To interpret the direction of this significant main effect I drew reference from the table of group means I calculated earlier, and conclude that, averaged across Conflict condition, females perceived that scientific knowledge had advanced to a lesser extent than males. However, the degree of the effect of Conflict manipulation (Conflict vs. Consistent) did not differ as a function of Gender.
In the face of huge leaps in scientific findings surrounding nutrition and diet, it would be naive to say that all age groups hold the same beliefs and willingness to accept to changing recommendations by experts…wouldn’t it? I decided to assess participants’ levels of confidence in the scientific community (whereby higher scores indicate lower confidence). This is because of my personal experience observing the opinions of my older friends and relatives, whom often display more skepticism towards nutritional and dietary advice given to them and developments in science more broadly. On the other hand, I tend to notice my younger friends and relatives being more open towards developments in science, and I personally am no stranger to the fact that disproving a theory is just as important as proving one (thanks to my psychology courses).
For this reason, I beg the question, is there a correlation between age and confidence in the scientific community whereby older people are less confident in the scientific community compared to their younger counterparts?
mydata3b <- mutate(mydata2, age_group = cut_number(Age, n = 7))
age_confidence_means <- mydata3b %>% # Specify data frame
group_by(age_group) %>% # Specify group indicators
summarise(Mean = mean(confidence), # Specify column and functions:
SD = sd(confidence), #name = function
n = n(),
SE = SD/sqrt(n))
age_confidence_means %>%
gt() %>%
tab_header(title = "Confidence in the Scientific Community (grouped by Age)") %>%
fmt_number(c(Mean, SD, SE), decimals = 2)

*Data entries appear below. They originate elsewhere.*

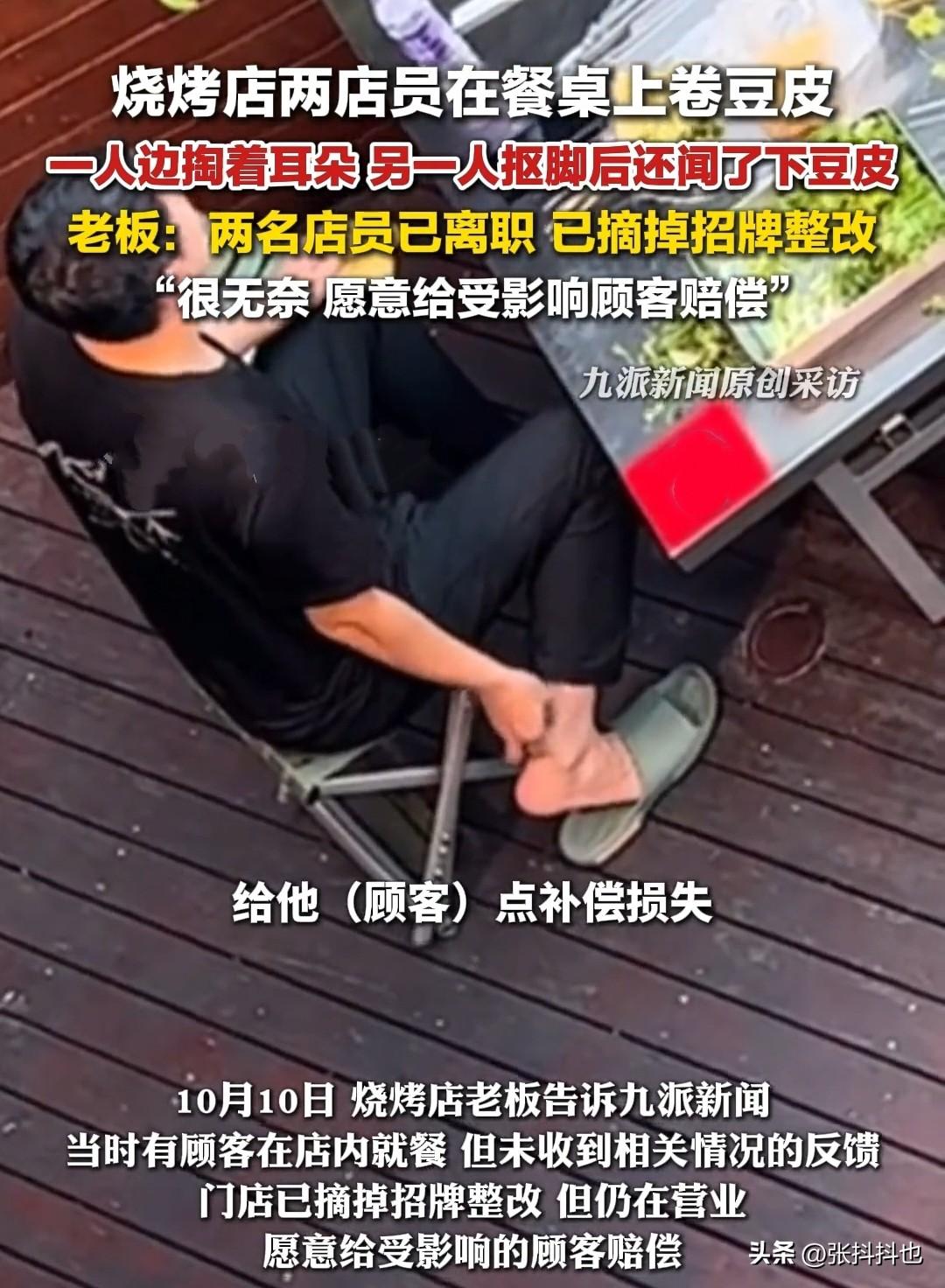 给你一份带味道的烧烤你会吃吗?杭州一烧烤店给出了答案。 近日,杭州有网友爆料,某烧烤店两员工在达到 外餐桌上准备烧烤材料时,一位男子掏耳朵,另外一位则大咧咧地抠脚丫子。其中一位在抠脚丫子后还拿起豆皮闻了闻,这是闻豆皮的味道还是脚丫子的味道呀? 据烧烤店老板说,当时还有其他顾客在店里就餐,但暂未收到相关投诉或反应。目前两人已经离职,店子已经摘牌整改,营业未停。也愿意给受到影响的顾客相应赔偿。 有网友说自己和家人早就不在外面吃东西了,想吃啥都自己做就好了。 还有人说:不要去后厨,不要去后厨,不要去后厨,连说三遍,只因为一去后厨你再也不会想要吃外面的饭菜了。 总结一下,比如说:用抹布擦脚,用洗菜盆洗脚,用羊肉串签子掏牙齿,揉面时用手挠痒痒,上洗手间不洗手继续包包子......简直说不下去了。 很多人说眼不见为净,不干不净,吃了没病,可这眼见了不是不净,是想吐吧? 所以尽量在家吃吧,吃点家常菜,营养又健康。人的素质也很重要啊,特别是对餐饮企业来说,这样的员工,传出去还有哪个顾客敢来吃饭呢?
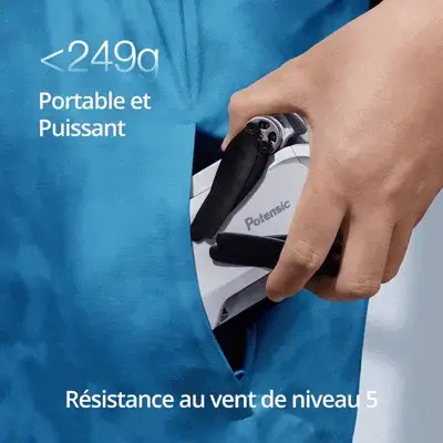 Pliable et ultra-léger (moins de 249g), il ne nécessite ni licence ni assurance. Conçu pour être compact et facilement transportable grâce à son poids réduit. De plus, il est fourni avec une valise rigide pour préserver le drone pendant le transport. L'application dédiée rend le contrôle et la configuration un jeu d'enfant. Les fonctionnalités de sécurité avancées, telles que le système de localisation et l'arrêt d'urgence, garantissent une protection complète du drone.
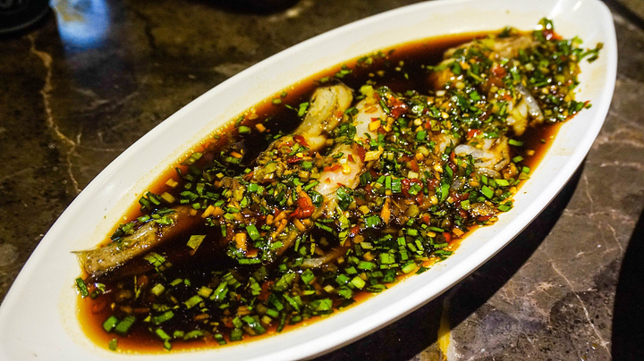 本来想点一个秘制凉拌鲫鱼,结果鲫鱼卖完了只有龙鱼,开始还在想龙鱼到底是什么,结果一看发现就是我非常喜欢的丝丁鱼啊。肉质依然十分的果冻感和嫩滑,不过这个嫩滑感让喜欢的人很喜欢,厌恶的人则弃之千里。还好杨同学能接受这种口感。
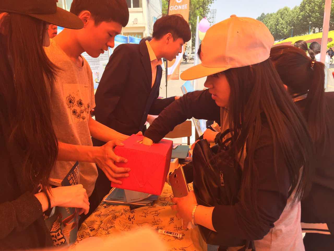 此次活动由共青团中央学校部、新浪微博、校团委新媒体中心联合组织,面向全校师生开展,活动开始,同学们纷纷驻足围观,通过微博绿植领养助力、扫取二维码的方式,工作人员为同学们发放了种子、花盆,同时也为抽奖获奖的幸运儿发放精美的小礼品。烈日炎炎下,现场的气氛依旧不减,满满的签名和爱心寄语,寄托了同学们对于环保意识的渴望:环保当下,从自身做起。
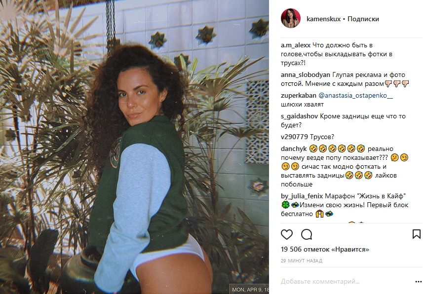 На этот раз поводом для обсуждения стал снимок, на котором Настя запечатлена в бомбере из своей новой коллекции спортивной одежды NKsport и стрингах.
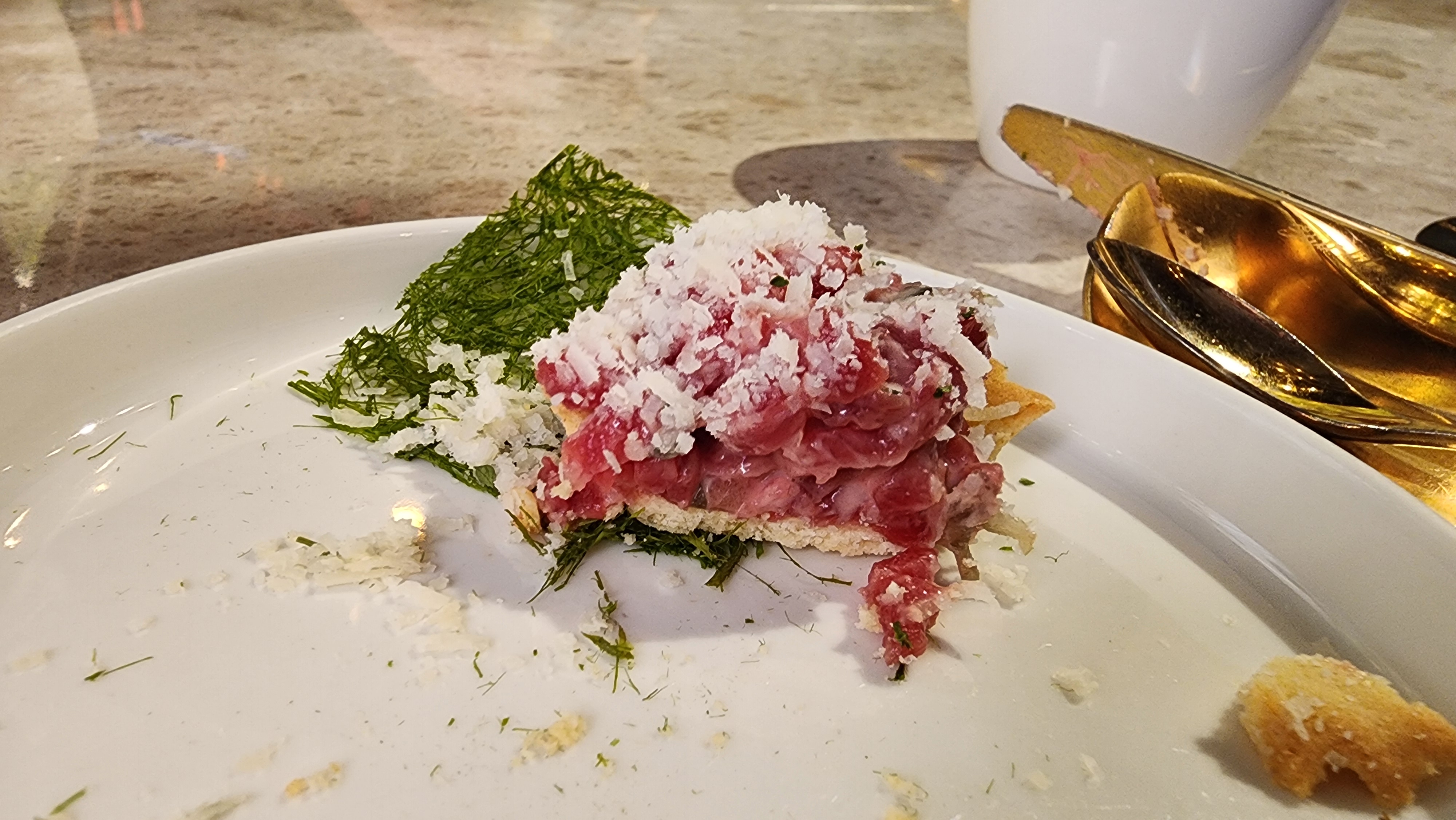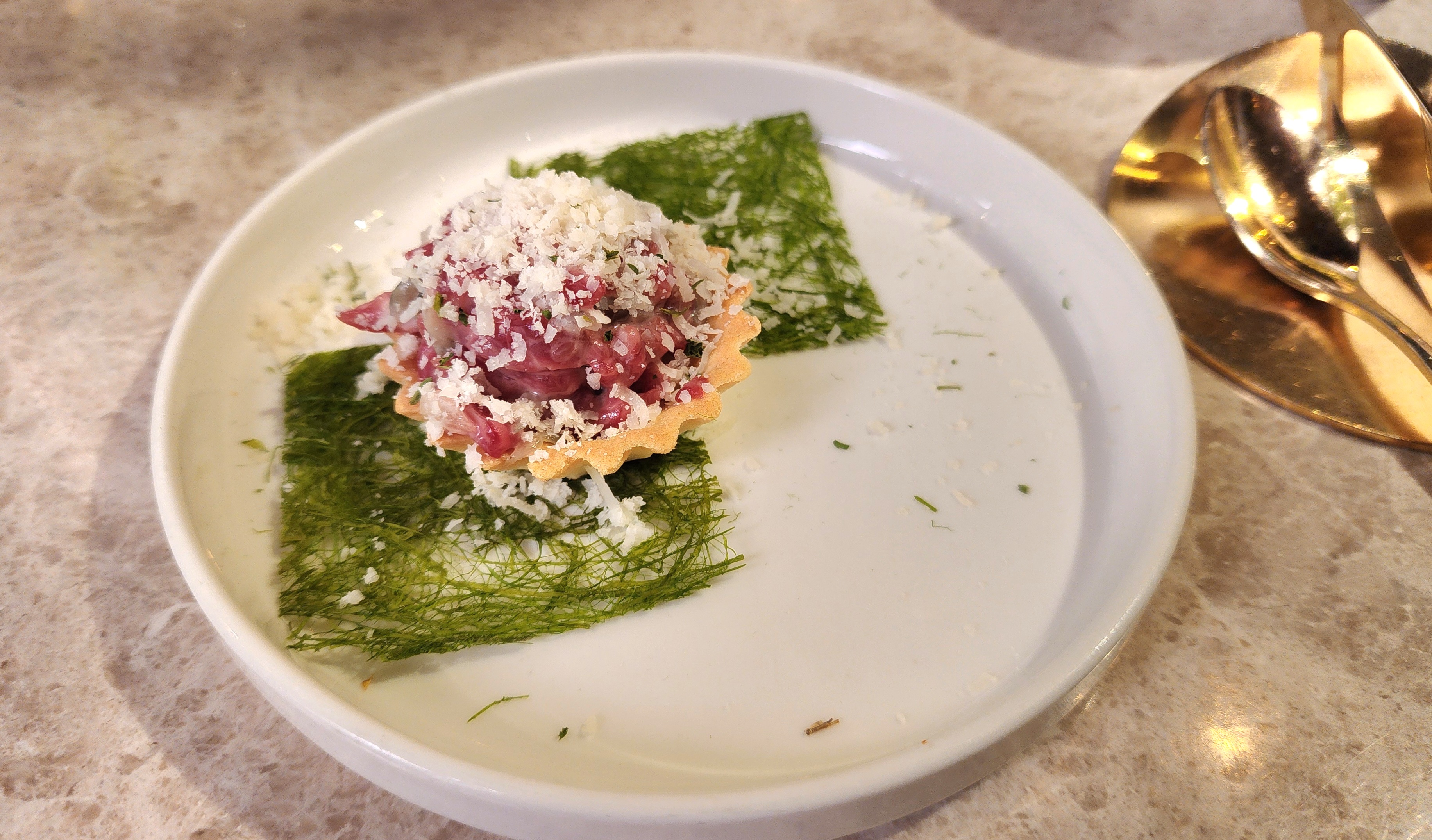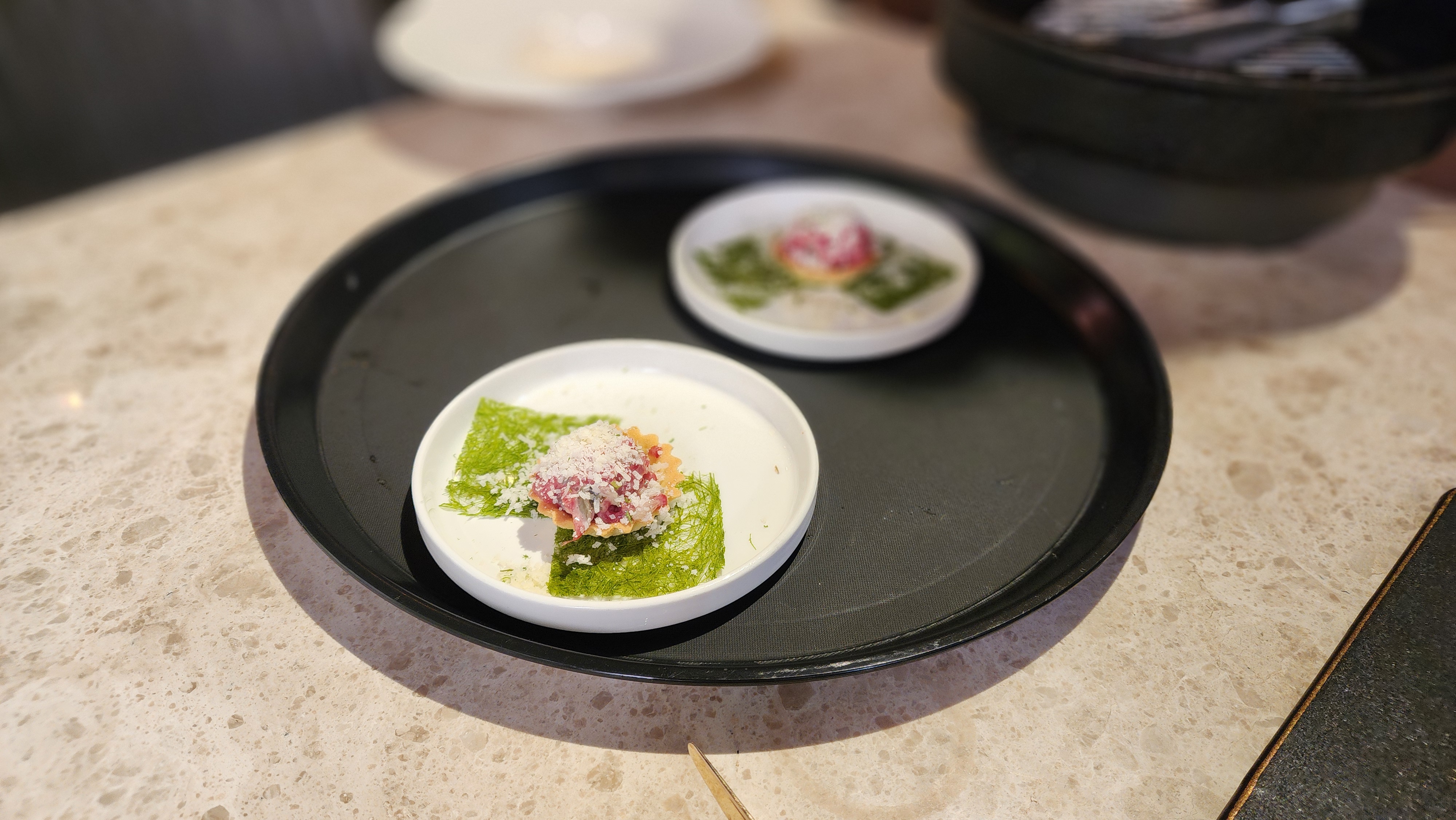 감태와 타르트지 위에 한우 육회가 올라가있었는데 보기에도 예쁘고 다른 곳에서는 먹어본 적 없는 에피타이저라 신기했어요.
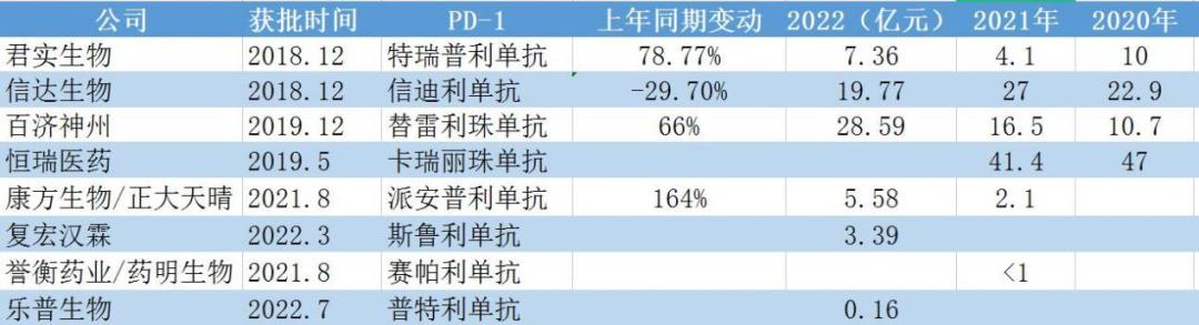 然而,尽管营收保持着较快的增长,百济神州的替雷利珠单抗仍然难以逃离PD-1内卷化的泥潭。截至2023年3月,国内已有10款PD-1单抗获批上市,其中8款产品为国产,2款进口产品,另外还有6款PD-L1产品上市,竞争日趋白热化。
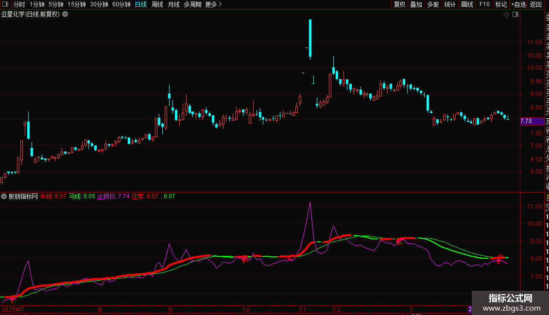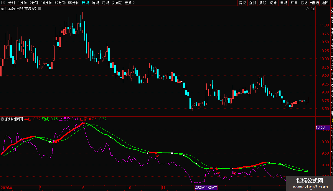4. 庄家线:其算法与牛线完全相同,但通过红粗(上涨)、绿细(下跌)的线型变化,直观显示短期趋势的强弱方向。
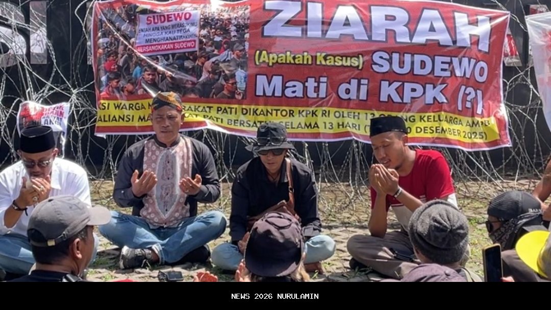 Warga yang tergabung dalam Aliansi Masyarakat Pati Bersatu (AMPB) menggelar doa bersama dan aksi damai di depan Gedung Merah Putih Komisi Pemberantasan Korupsi (KPK), Senin 8 Desember 2025. Mereka datang jauh-jauh dari Pati untuk menanyakan perkembangan proses hukum Bupati Pati, Sudewo, dalam kasus dugaan korupsi proyek pembangunan jalur kereta api wilayah Jawa Tengah pada Direktorat Jenderal Perkeretaapian (DJKA) Kementerian Perhubungan tahun anggaran 2018–2022.
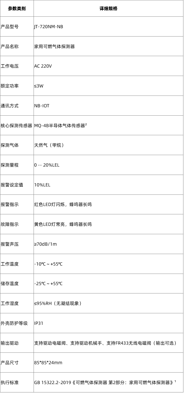 JT-720NMS联网型家用燃气报警器是由深圳市海曼科技股份有限公司(以下简称海曼)(Heiman)推出的高稳定性室内家用可燃气体探测器,专为家庭、公寓场所的天然气泄漏监测与安全防护设计。产品搭载高可靠半导体气体传感器,严格符合中国国标GB 15322.2-2019《可燃气体探测器 第2部分:家用可燃气体探测器》标准¹,并且在NB-IOT物联网的加持下,可通过管理平台实推送实时告警信息在监管人的手机上。可精准探测天然气泄漏,提前预警燃气安全风险,搭配电磁阀或者机械手,在燃气泄漏时可联动切断天然气阀门,预防气体泄漏引发的爆炸、火灾等安全事故,是全球民用燃气安全防护领域的高可靠性标杆产品。
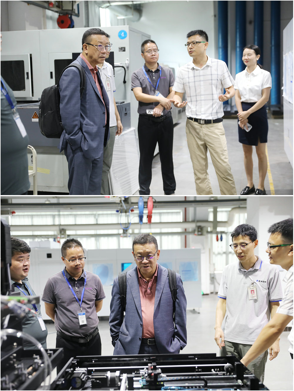 接著(zhù),姜旭高博士參觀(guān)了公司的設備車(chē)間,近距離了解我司的自動(dòng)化和檢測設備相關(guān)情況,對正業(yè)科技整體的技術(shù)布局、設備的先進(jìn)性、創(chuàng )新性等表示高度認同和贊揚。
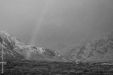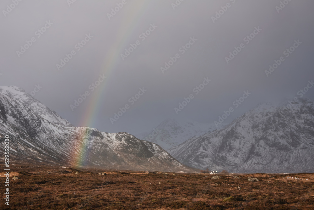 Majestic landscape image of vibrant rainbow in front of mountains in Scottish Highlands Rannoch Moor Stob Dearg
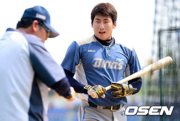 25일 오후 광주 무등야구장에서 열린 '2013 한국야쿠르트 세븐 프로야구' KIA 타이거즈와 NC 다이노스의 경기, 경기에 앞서 NC 나성범이 타격 훈련 중 김광림 코치의 조언에 귀기울이고 있다.
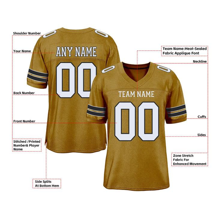 Custom Old Gold White-Black Mesh Classic Style Authentic Sports Football Jersey
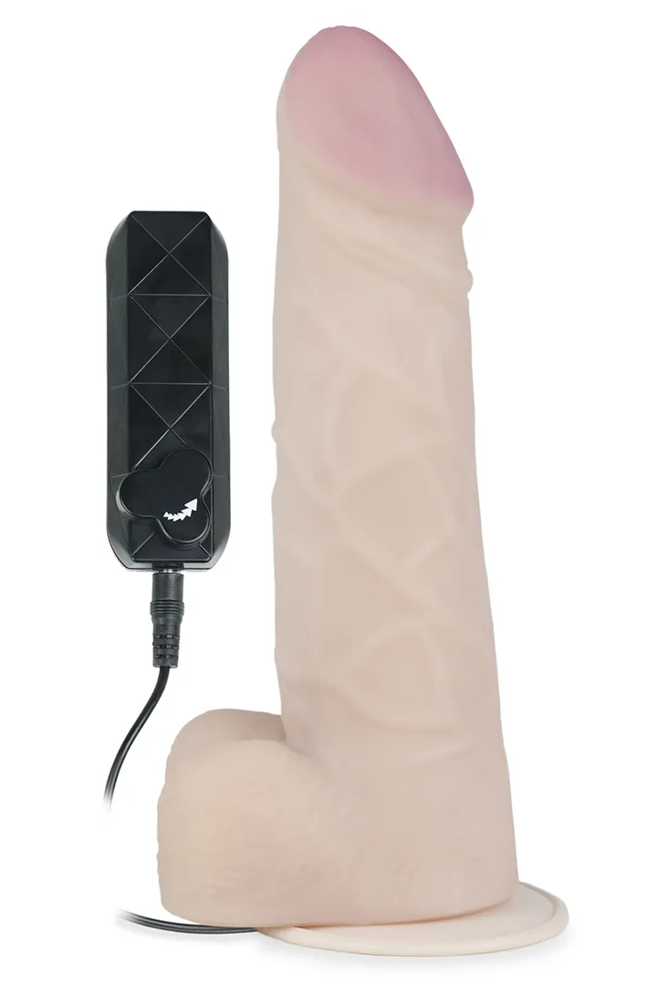 Реалистичный вибратор телесного цвета с мошонкой на присоске. Имеет с ярко выраженную головку и вены. Необычайно приятный, рельефный, мягкий на ощупь, выполнен из «Киберкожи». Плавная регулировка скорости вибрации на дистанционном пульте. Работает от 2-х батареек типа АА (нет в комплекте). Общая длина – 28,5 см, рабочая длина – 22 см, максимальный диаметр – 5,5 см. Упакован в пластиковую прозрачную коробку.

#I couldn't knit to a pdf when I included this output, so I hid results and took a screenshot below
It appears that with increasing age, the mean scores on the confidence scale increase slightly. It may be the case that age is moderately correlated with confidence, however we won’t know for sure until we conduct a statistical analysis.
#Assessing scores across all conditions
age_confidence_scatterplot <- ggscatter(
mydata2, x = "Age", y = "confidence",
point = FALSE,
title = "Age and Confidence in the Scientific Community",
ylab = "Confidence in the Scientific Community") +
geom_jitter(colour = "orange") +
geom_smooth(method = "lm") +
stat_cor(method = "pearson", p.accuracy = 0.001, r.accuracy = 0.01) +
easy_center_title()
print(age_confidence_scatterplot)
Again, it’s hard to tell whether there is an increase in scores as a function of age based on the dot points, but the line of best fit does slope which makes me think that there is a correlation to some degree! And according to Pearson’s correlation test, there is a weak positive correlation (r = .13, p < 0.01) between age and confidence in the scientific community.
From this exploratory analysis I can conclude that, as a higher scores on the scale reflects less confidence in the scientific community, the higher one’s age the lower their confidence in the scientific community, but this relationship only weak in strength.
I am keen to understand the relationships between the variables of measurement to better understand the rationale the experimenters’ hypotheses. Namely, experimenters hypothesised that those exposed to conflicting headlines would display greater confusion/backlash/mistrust/lower confidence but positively demonstrate more sophisticated beliefs that scientific knowledge is uncertain and constantly developing.
corr_data <- mydata2 %>%
select(confusion, backlash, mistrust, confidence, certainty, development) %>%
cor()
corrplot(corr_data, method = "color", type = "lower")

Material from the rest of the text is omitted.